Tony Fernandes, a Malaysian tycoon AirAsia Introduces Parcel Delivery Service to Capitalize on the E-Commerce Boom
AirAsia Group, run by Malaysian businessman Tony Fernandes, has established a parcel delivery service in an attempt to capitalize on Southeast Asia’s e-commerce growth.
The new service, dubbed AirAsia Xpress, is the airline’s newest venture as it looks to grow its digital business and shore up income that has been hit hard by the Covid-19 outbreak, AirAsia said in a statement on Tuesday. The service will begin in Kuala Lumpur and other densely populated areas of the Klang Valley, before expanding to other parts of Malaysia and Southeast Asia.

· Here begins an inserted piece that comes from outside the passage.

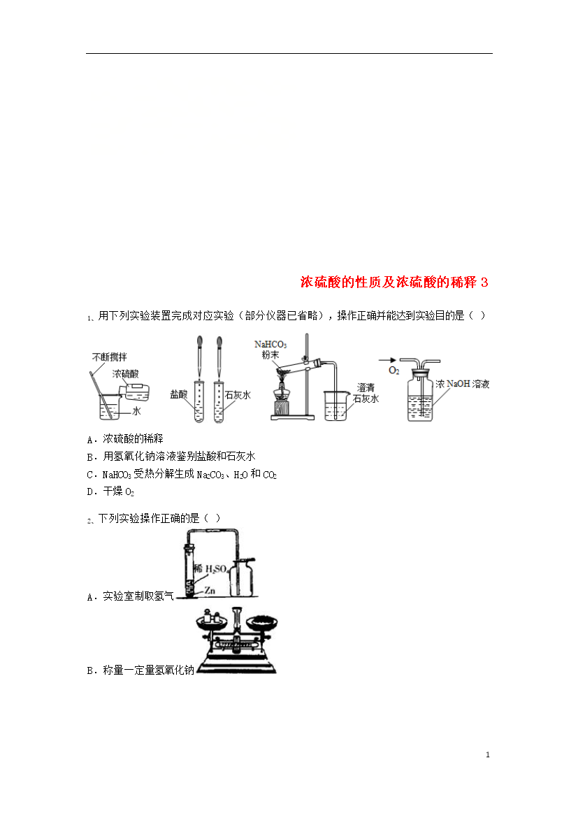 试题-吉林-2018_吉林省吉林市中考化学复习练习 浓硫酸的性质及浓硫酸的稀释3(无答案) 新人教版

Powered by Teleport, the group’s logistics business, AirAsia Xpress offers its superapp users two delivery options: instant delivery in less than an hour or same-day delivery within six hours. The new business complements the airline’s food delivery and ride-hailing services, which are both part of the airline’s efforts to construct a superapp to compete with Southeast Asia’s digital titans such as Indonesia’s GoTo and Singapore’s Grab and Sea Group.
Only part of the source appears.